● Brief: Copy the data exactly, pictures aside.

● Information provided:
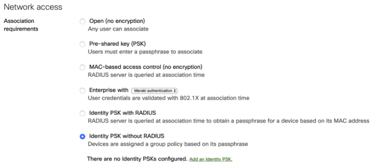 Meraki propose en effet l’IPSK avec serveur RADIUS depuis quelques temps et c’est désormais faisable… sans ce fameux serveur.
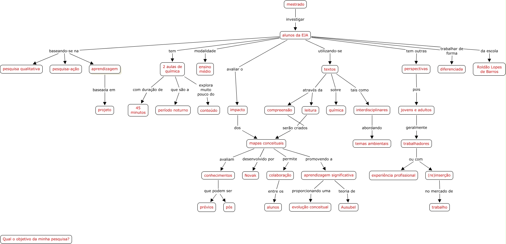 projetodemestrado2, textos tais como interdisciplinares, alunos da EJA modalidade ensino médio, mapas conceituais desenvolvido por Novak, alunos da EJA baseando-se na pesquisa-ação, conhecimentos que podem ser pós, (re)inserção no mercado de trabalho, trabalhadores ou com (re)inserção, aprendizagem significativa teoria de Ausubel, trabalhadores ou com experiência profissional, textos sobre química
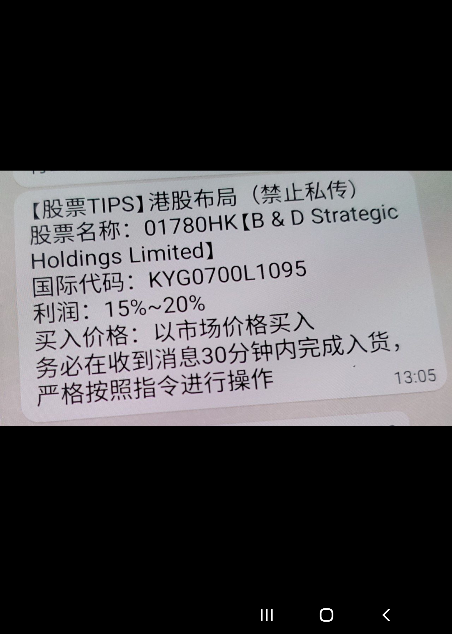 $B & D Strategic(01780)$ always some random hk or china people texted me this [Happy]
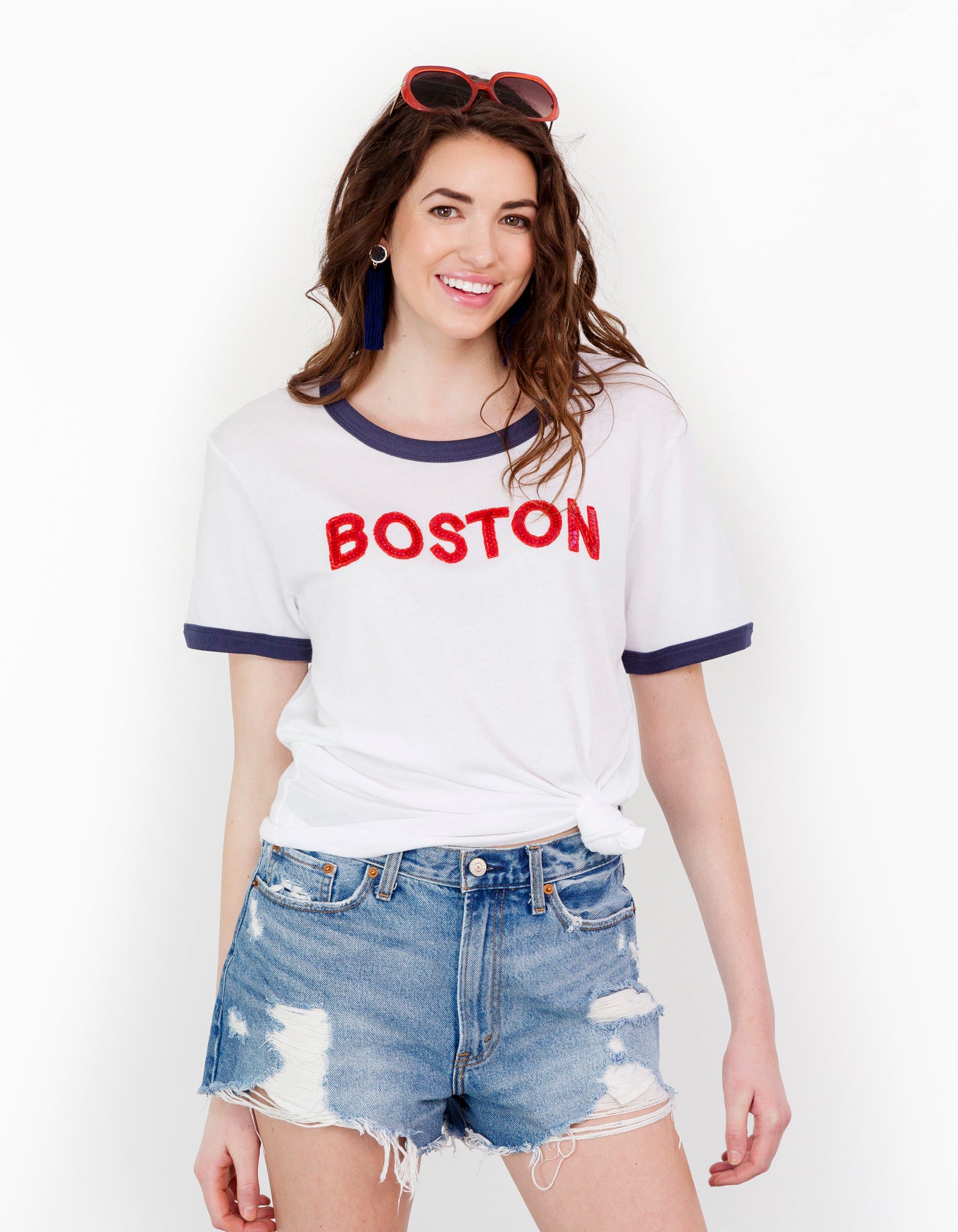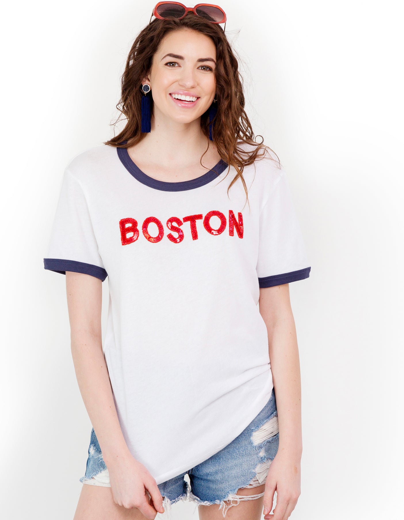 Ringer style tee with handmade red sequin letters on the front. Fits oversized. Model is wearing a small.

● Answer area:
 Meraki propose en effet l’IPSK avec serveur RADIUS depuis quelques temps et c’est désormais faisable… sans ce fameux serveur.
 projetodemestrado2, textos tais como interdisciplinares, alunos da EJA modalidade ensino médio, mapas conceituais desenvolvido por Novak, alunos da EJA baseando-se na pesquisa-ação, conhecimentos que podem ser pós, (re)inserção no mercado de trabalho, trabalhadores ou com (re)inserção, aprendizagem significativa teoria de Ausubel, trabalhadores ou com experiência profissional, textos sobre química
 $B & D Strategic(01780)$ always some random hk or china people texted me this [Happy]
 Ringer style tee with handmade red sequin letters on the front. Fits oversized. Model is wearing a small.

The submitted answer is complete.